### [What the task asks]
Please repeat the data below exactly, with the pictures removed.

### [Data]
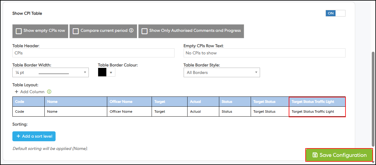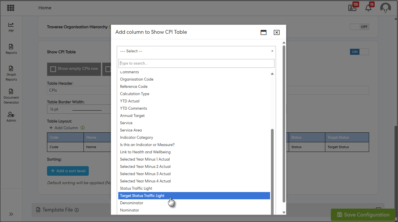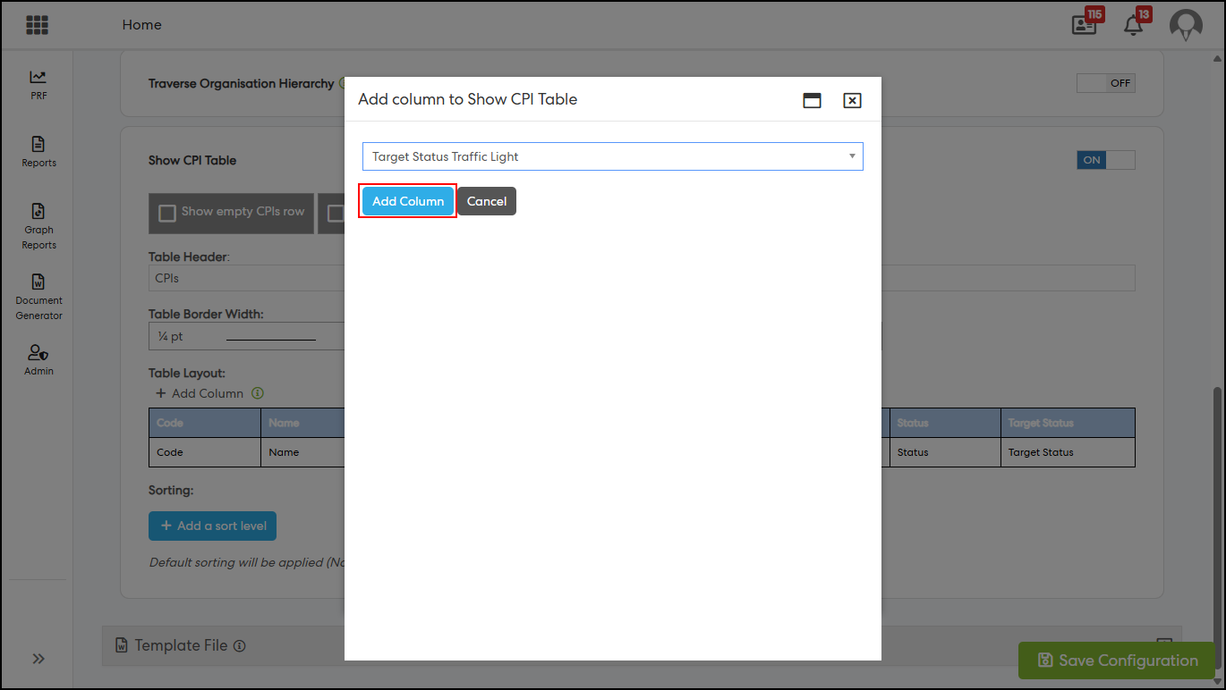 2. Introduced a new “Target Status Traffic Light” column under CPI Table configuration in the following Document Generator reports:
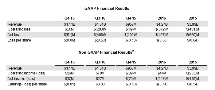 U nastavku možemo vidjeti AMD-ove rezultate koji kažu kako je zarada u četvrtom kvartalu 2016. iznosila 1,1 milijardu dolara, a zabilježen je i operativni gubitak od 3 milijuna dolara. U brojkama se ne krije ništa posebno značajno, no AMD-ovi fanovi, kao i čitava industrija PC hardvera očekuju kako će ova godina biti prekretnica za AMD.
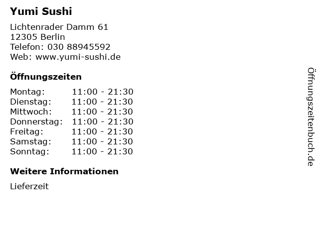 | Öffnungszeiten Yumi Sushi in Berlin anzeigen | |

### [Result below]
 2. Introduced a new “Target Status Traffic Light” column under CPI Table configuration in the following Document Generator reports:
 U nastavku možemo vidjeti AMD-ove rezultate koji kažu kako je zarada u četvrtom kvartalu 2016. iznosila 1,1 milijardu dolara, a zabilježen je i operativni gubitak od 3 milijuna dolara. U brojkama se ne krije ništa posebno značajno, no AMD-ovi fanovi, kao i čitava industrija PC hardvera očekuju kako će ova godina biti prekretnica za AMD.
 | Öffnungszeiten Yumi Sushi in Berlin anzeigen | |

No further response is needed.